Exercise aim: Pictures in the entries below are excluded; copy only the lines from the one containing "1️⃣ 온라인: 하주원×오지은" to the one containing "Designade med broderad", both included.

[Data extracted from a collection]
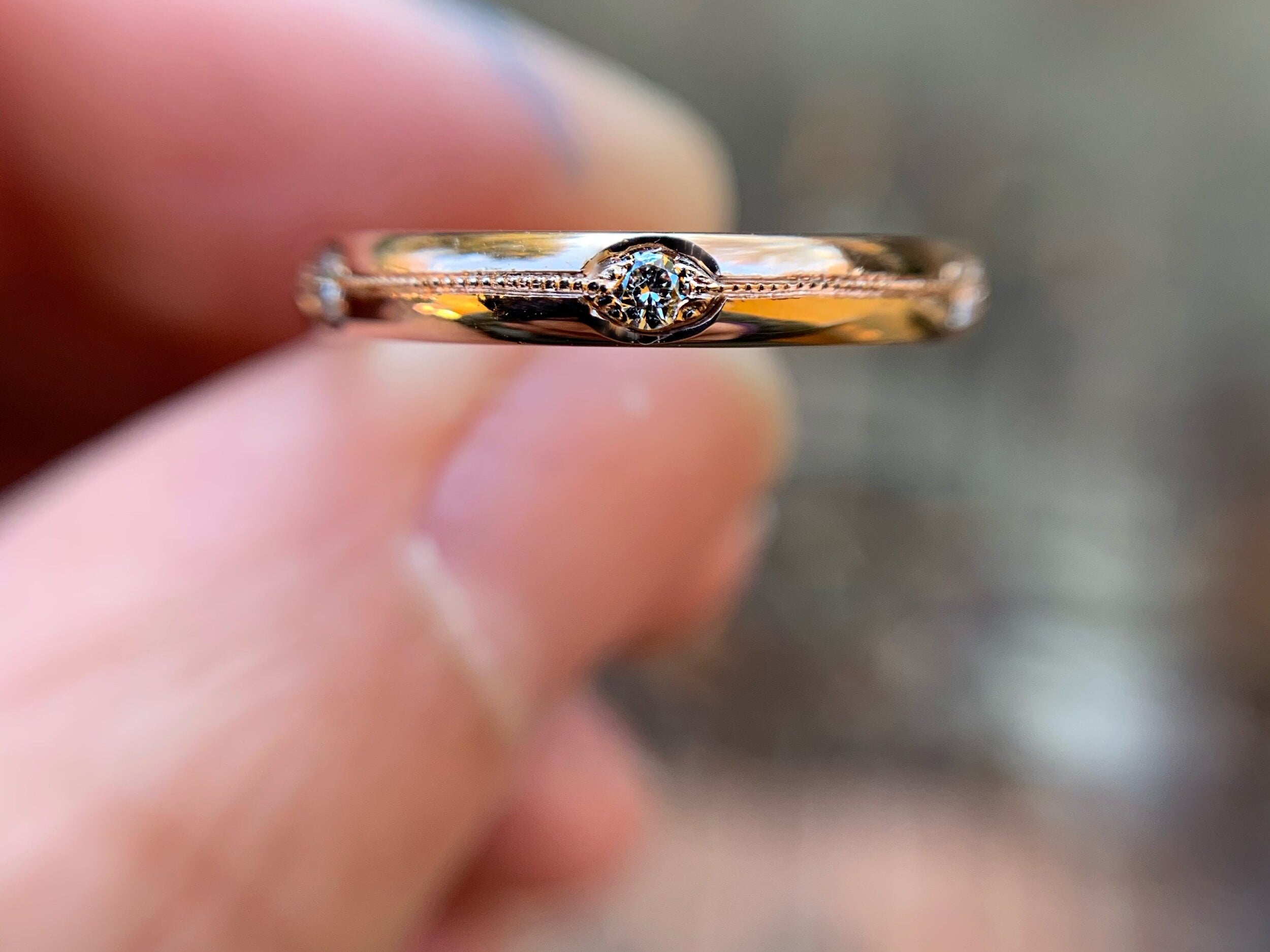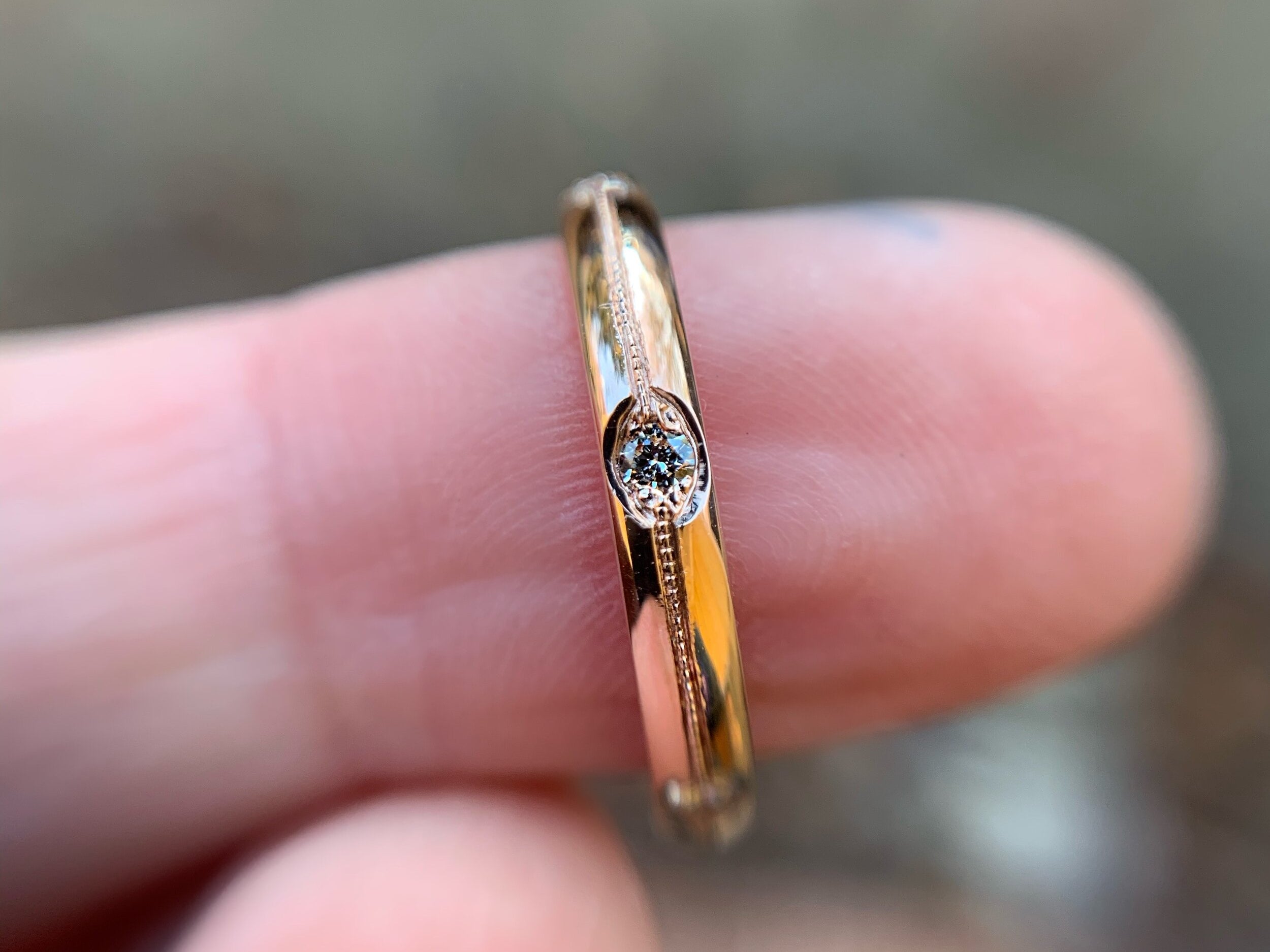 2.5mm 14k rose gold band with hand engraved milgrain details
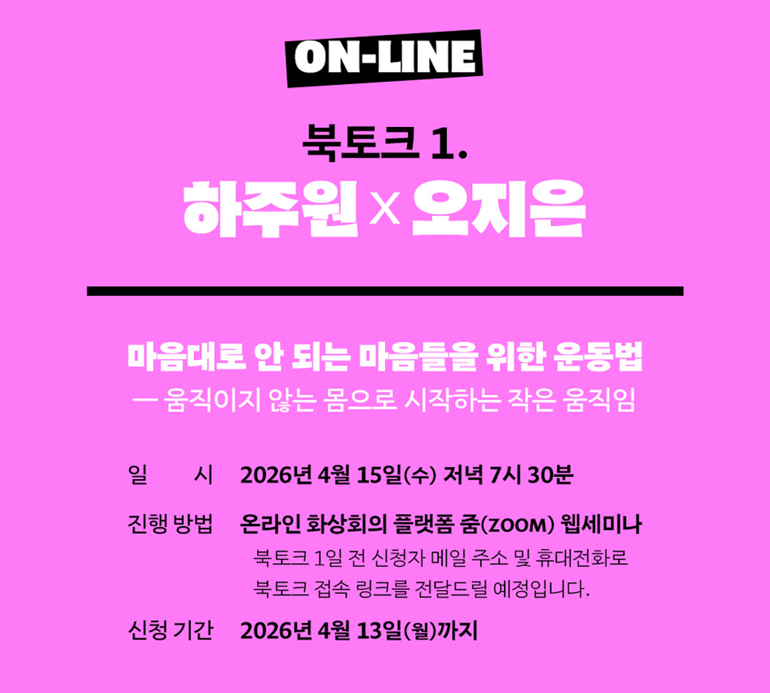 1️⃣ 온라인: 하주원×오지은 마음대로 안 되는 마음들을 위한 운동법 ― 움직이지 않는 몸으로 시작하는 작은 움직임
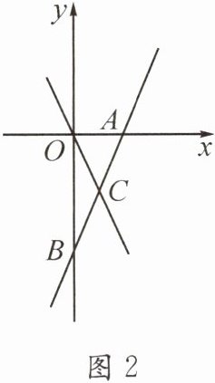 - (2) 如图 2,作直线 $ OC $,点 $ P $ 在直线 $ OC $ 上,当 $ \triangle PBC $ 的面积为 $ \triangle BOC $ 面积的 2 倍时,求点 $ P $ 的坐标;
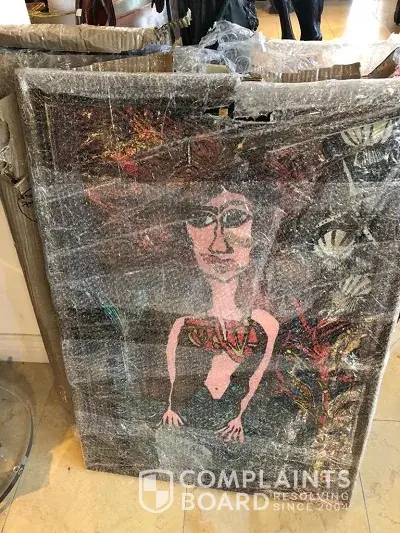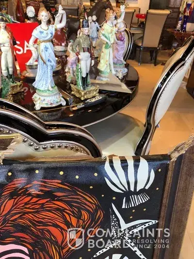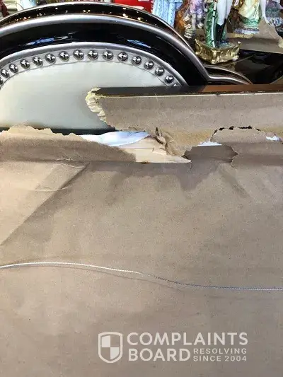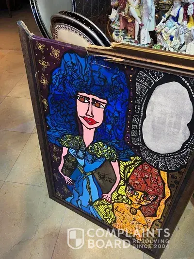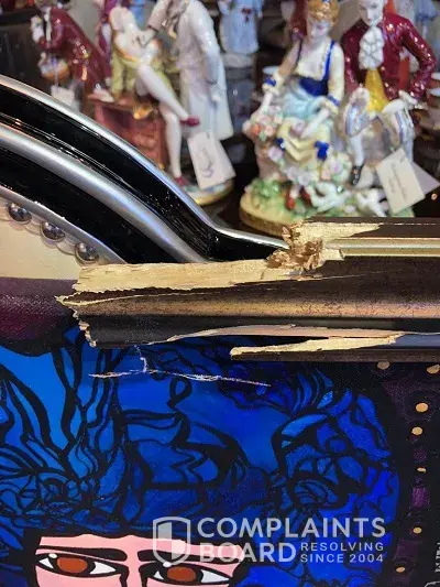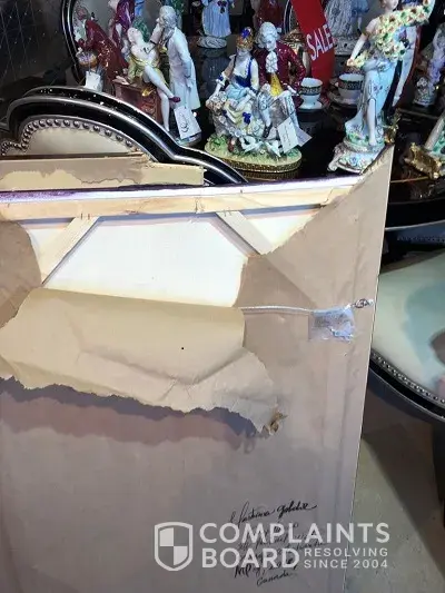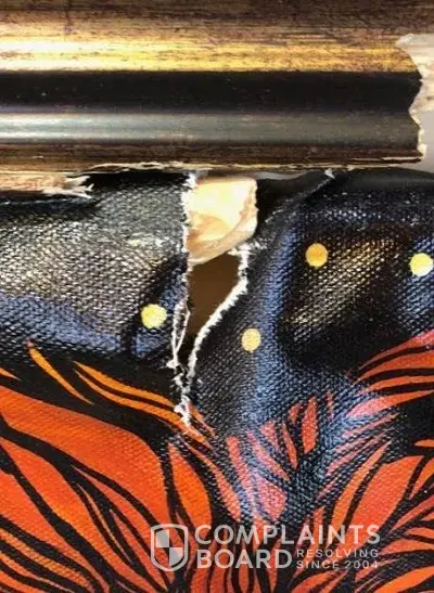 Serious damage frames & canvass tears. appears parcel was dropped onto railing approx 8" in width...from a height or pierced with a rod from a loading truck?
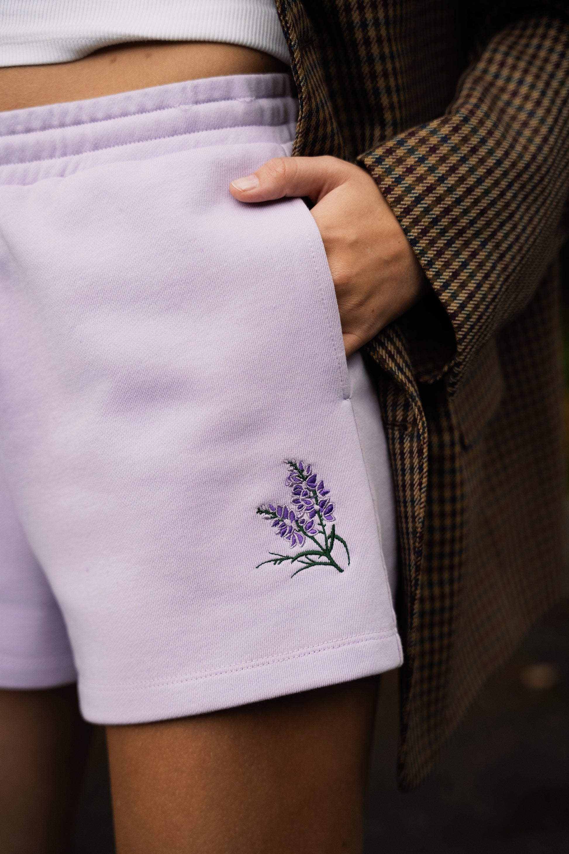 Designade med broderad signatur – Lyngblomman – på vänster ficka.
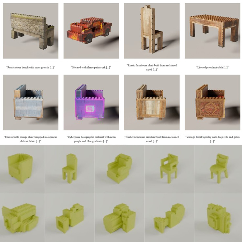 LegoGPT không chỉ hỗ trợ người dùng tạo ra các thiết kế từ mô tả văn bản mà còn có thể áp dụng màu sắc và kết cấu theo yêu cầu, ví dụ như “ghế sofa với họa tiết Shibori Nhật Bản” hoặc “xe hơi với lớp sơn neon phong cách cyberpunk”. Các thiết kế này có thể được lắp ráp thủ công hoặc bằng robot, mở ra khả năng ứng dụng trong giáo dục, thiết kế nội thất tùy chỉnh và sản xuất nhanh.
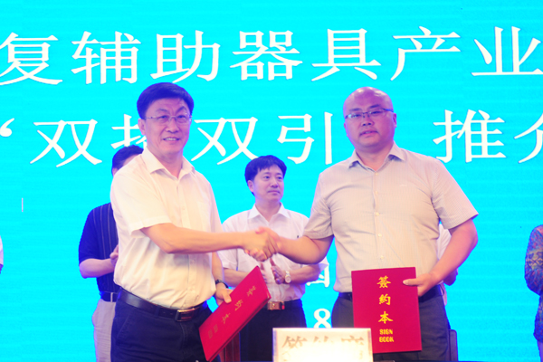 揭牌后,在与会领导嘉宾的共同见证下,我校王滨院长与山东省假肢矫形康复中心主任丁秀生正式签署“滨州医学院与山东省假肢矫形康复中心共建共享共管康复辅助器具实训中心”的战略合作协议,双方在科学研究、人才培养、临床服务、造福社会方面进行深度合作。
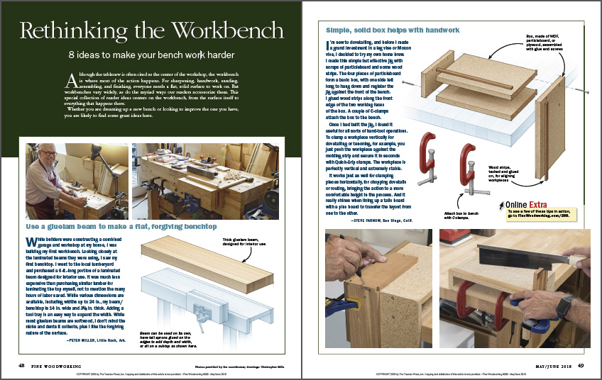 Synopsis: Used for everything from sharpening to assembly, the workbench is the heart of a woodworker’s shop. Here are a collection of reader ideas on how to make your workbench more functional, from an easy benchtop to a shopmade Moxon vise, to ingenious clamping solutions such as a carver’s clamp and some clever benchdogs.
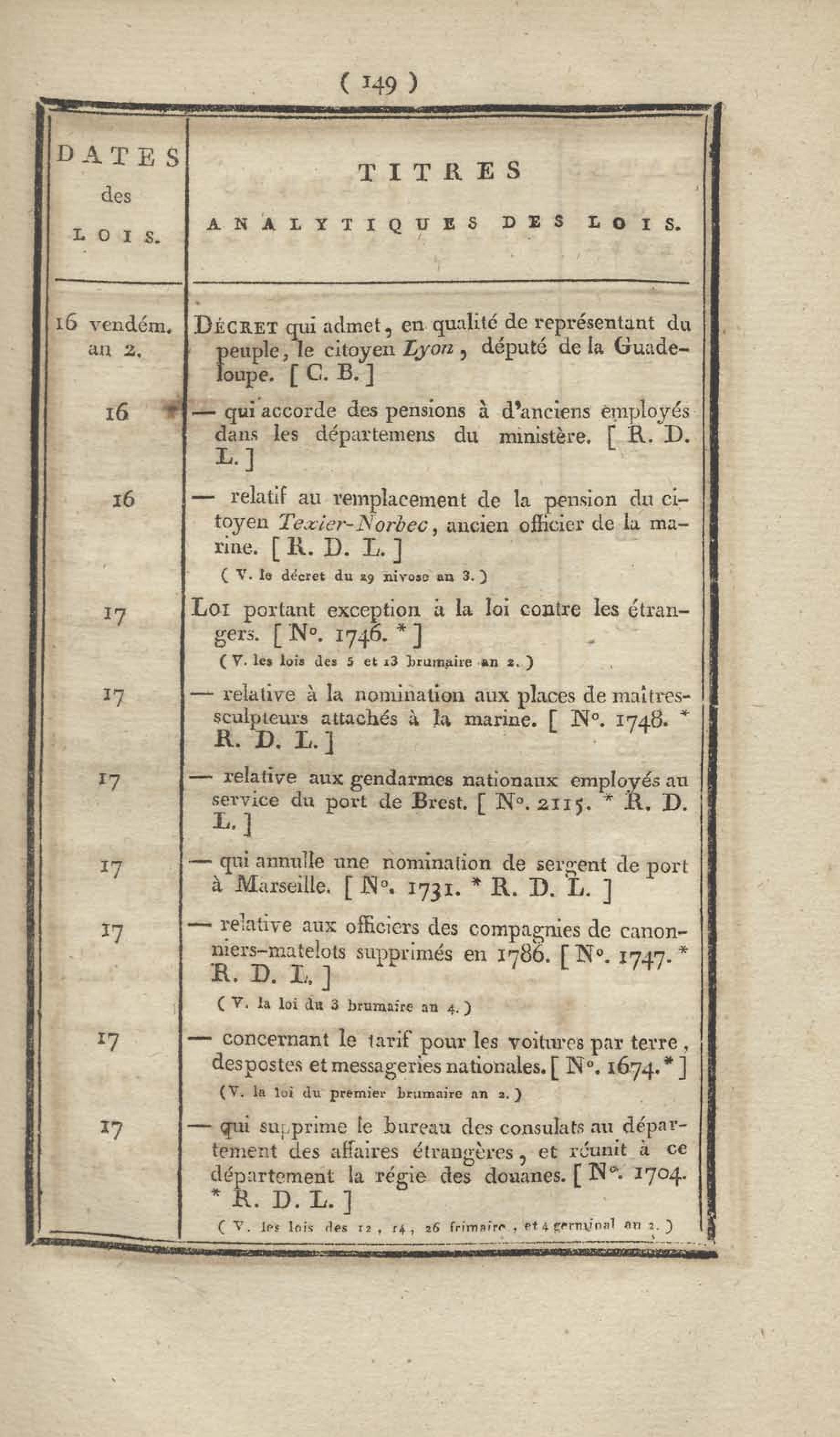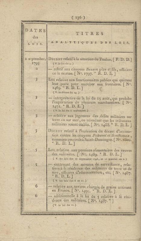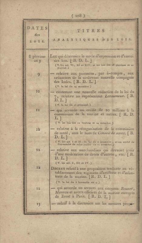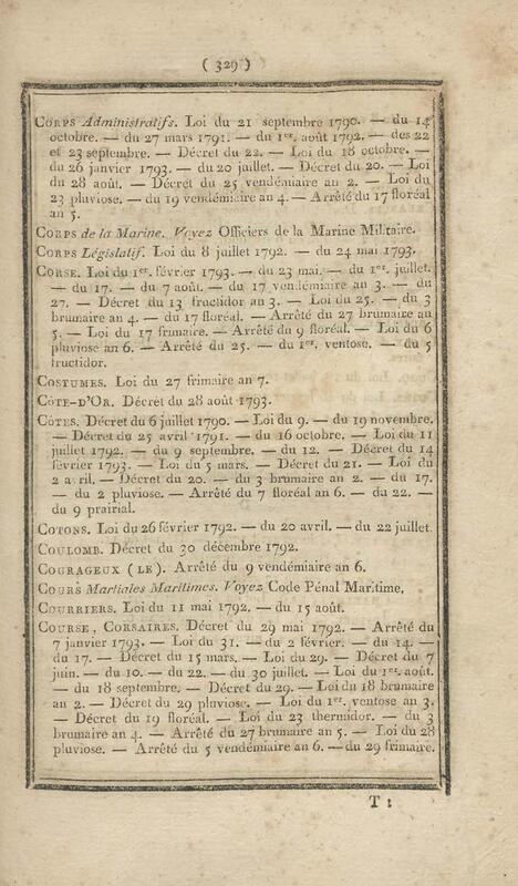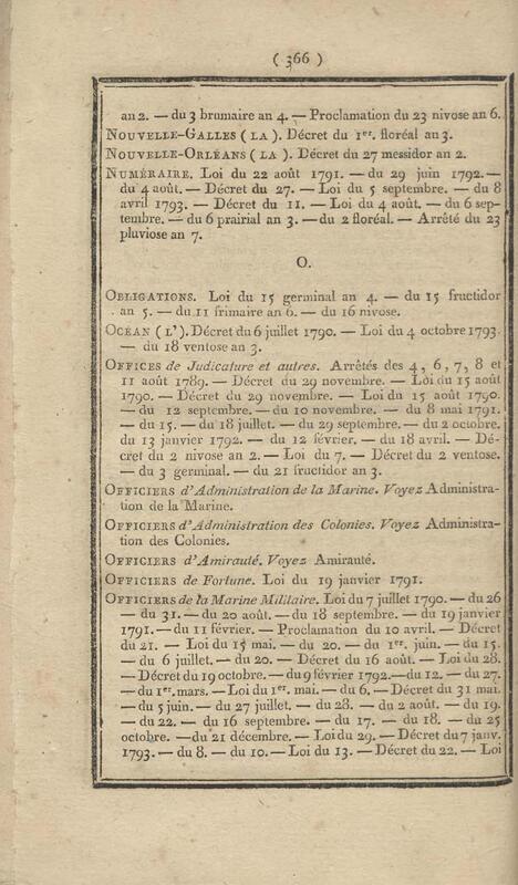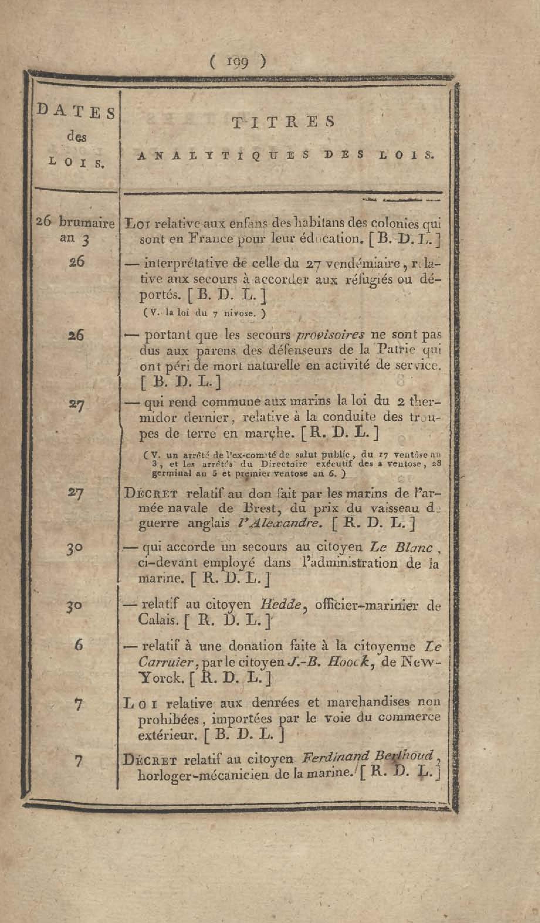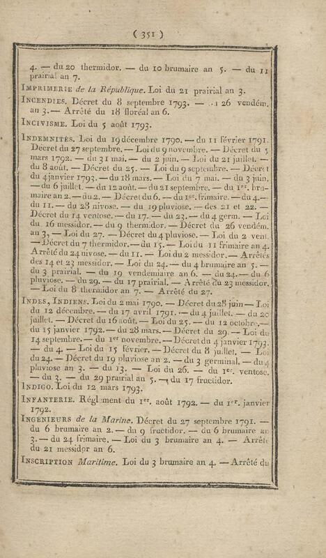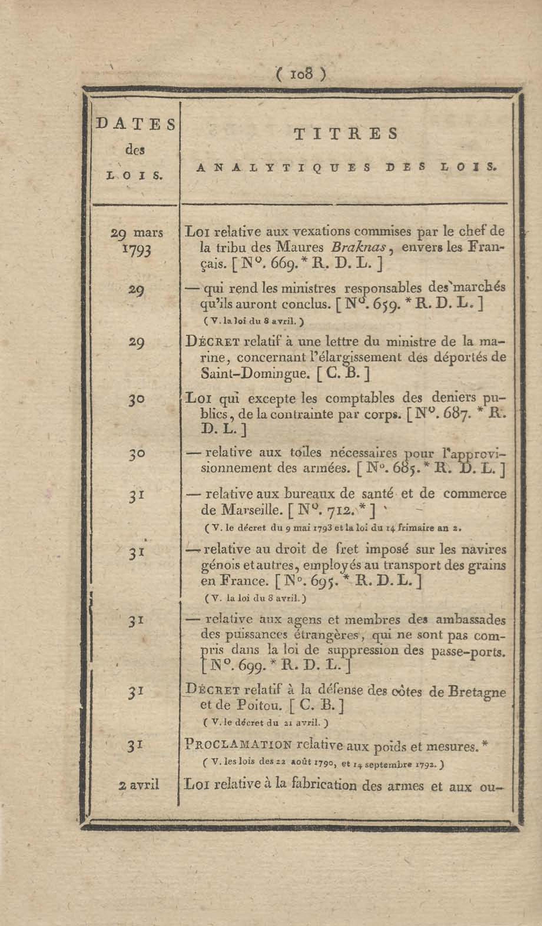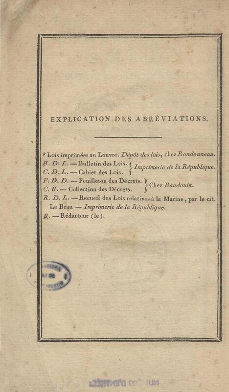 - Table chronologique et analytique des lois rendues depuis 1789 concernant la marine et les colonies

Solution below:
 1️⃣ 온라인: 하주원×오지은 마음대로 안 되는 마음들을 위한 운동법 ― 움직이지 않는 몸으로 시작하는 작은 움직임
 - (2) 如图 2,作直线 $ OC $,点 $ P $ 在直线 $ OC $ 上,当 $ \triangle PBC $ 的面积为 $ \triangle BOC $ 面积的 2 倍时,求点 $ P $ 的坐标;
 Serious damage frames & canvass tears. appears parcel was dropped onto railing approx 8" in width...from a height or pierced with a rod from a loading truck?
 Designade med broderad signatur – Lyngblomman – på vänster ficka.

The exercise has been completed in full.